At Lincoln Center, community members attended an evening Mass at the Church of St. Paul the Apostle and then walked silently to the 9/11 memorial at Robert Moses Plaza for a candlelight vigil.

In addition to a reading of the names of those who died, the people who assembled listened to Cait Hynes, a doctoral candidate in the Graduate School of Education, speak publicly for the first time about her father, Walter Hynes.

Hynes, a captain with Ladder 13, Engine 22 of the New York City Fire Department, was one of 343 members of the FDNY to die in the World Trade Center. After a decade of silence, his daughter said she decided to speak so as to better preserve his memory.

“I was only 12 years old when my dad died, but I will never forget the type of person he was and what he meant to me,” she said, noting that he was also a lawyer and an owner of the Harbor Lights Pub in Rockaway, Queens.

“Even though he was busy, he always had time for me and my sisters. He was always there to cheer us on at our soccer games, treat us to ice cream, take the family to Disney World and help me with my math homework,” she said. “My dad was the type of person who truly lived his life for others.”

Eight men in her father’s fire company died that day, and Hynes said it was important to note that the bravery and selflessness they displayed were not unusual. That knowledge—and the love and compassion shown to her by everyone from fellow community members to total strangers—has helpedtremendously, she said.

“Through the people I have met, I have come to know the bond of human love,” she said.

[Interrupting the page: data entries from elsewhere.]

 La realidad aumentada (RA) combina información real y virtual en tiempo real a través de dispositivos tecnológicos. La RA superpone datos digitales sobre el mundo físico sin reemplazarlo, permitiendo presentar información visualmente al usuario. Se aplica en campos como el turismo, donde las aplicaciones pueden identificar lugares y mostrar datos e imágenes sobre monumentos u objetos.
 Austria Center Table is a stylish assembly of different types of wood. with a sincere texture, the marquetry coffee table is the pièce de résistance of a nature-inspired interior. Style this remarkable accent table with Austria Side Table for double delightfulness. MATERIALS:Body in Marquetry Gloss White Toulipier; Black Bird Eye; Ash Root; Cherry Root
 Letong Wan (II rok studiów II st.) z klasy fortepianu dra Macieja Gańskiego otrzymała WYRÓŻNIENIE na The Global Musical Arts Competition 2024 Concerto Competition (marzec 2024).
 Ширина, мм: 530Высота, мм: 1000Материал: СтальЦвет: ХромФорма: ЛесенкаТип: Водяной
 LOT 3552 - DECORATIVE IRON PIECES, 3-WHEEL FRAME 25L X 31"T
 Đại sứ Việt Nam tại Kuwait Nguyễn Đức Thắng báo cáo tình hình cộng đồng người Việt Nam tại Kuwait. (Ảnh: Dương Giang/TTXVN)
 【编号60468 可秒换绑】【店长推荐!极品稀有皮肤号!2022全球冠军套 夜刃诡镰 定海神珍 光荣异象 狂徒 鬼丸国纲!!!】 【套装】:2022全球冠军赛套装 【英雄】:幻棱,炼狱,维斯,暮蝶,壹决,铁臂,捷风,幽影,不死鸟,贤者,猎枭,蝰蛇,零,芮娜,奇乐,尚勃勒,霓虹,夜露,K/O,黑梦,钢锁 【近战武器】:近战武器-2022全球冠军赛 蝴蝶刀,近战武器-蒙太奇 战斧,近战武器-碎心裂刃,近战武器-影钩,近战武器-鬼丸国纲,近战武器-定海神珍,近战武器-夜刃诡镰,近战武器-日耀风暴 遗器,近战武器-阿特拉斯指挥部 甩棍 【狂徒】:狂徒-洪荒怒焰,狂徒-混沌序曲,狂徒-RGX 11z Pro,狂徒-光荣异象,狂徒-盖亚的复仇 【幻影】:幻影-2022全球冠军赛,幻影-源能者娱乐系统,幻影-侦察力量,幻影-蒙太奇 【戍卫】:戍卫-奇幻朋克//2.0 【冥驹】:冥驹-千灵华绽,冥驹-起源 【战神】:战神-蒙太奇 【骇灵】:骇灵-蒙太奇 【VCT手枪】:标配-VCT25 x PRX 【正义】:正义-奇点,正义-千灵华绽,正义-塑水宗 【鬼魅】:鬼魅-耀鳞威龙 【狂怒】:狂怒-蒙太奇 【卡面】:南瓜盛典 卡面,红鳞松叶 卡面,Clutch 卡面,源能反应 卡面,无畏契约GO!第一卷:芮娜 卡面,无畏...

The Rev. John P. McDonagh speaks during the candlelight ceremony on the Lincoln Center campus.

Photo by Bruce Gilbert

“You will never hear me say I am glad 9/11 happened. I would give anything to see my dad again. But for all the pain and all the tears, I can appreciate the good things that came from that day. Over the past 10 years, I have met people who I may have never known otherwise—people of every color, creed, age, nationality and walk of life. Stories of their generosity and compassion are far too numerous to tell.”

At a reception afterward, Joseph Pellicone, a senior in Fordham College at Lincoln Center from Monmouth County, N.J., reminisced about the day. Although no one from his family was killed, a classmate’s father was on United Airlines Flight 93, which crashed into a field near Shanksville, Pa.

“I just remember confusion,” said Pellicone, who was in fifth grade at the time. “We saw some kids going home and not knowing the cause of it, and at the end of the day, we found out about the Trade Center going down.

“My uncle worked right near there, and I remember him telling us how he ran from the towers. My uncle has always had problems with his legs, and the fact that he was able to keep running and make it out okay is a miracle.”

Chantal Freeman, a junior from Chicago who sang in the choir at the Mass, said she needed to spend the day coming together and sharing with other people.

“It’s a time when we have to take a step back and realize how we were in the world, and how consumed we were with ourselves,” she said. “But it also brought us together—made us a stronger nation in terms of loving our country.”

Senior Staff Writer Janet Sassi contributed to this report.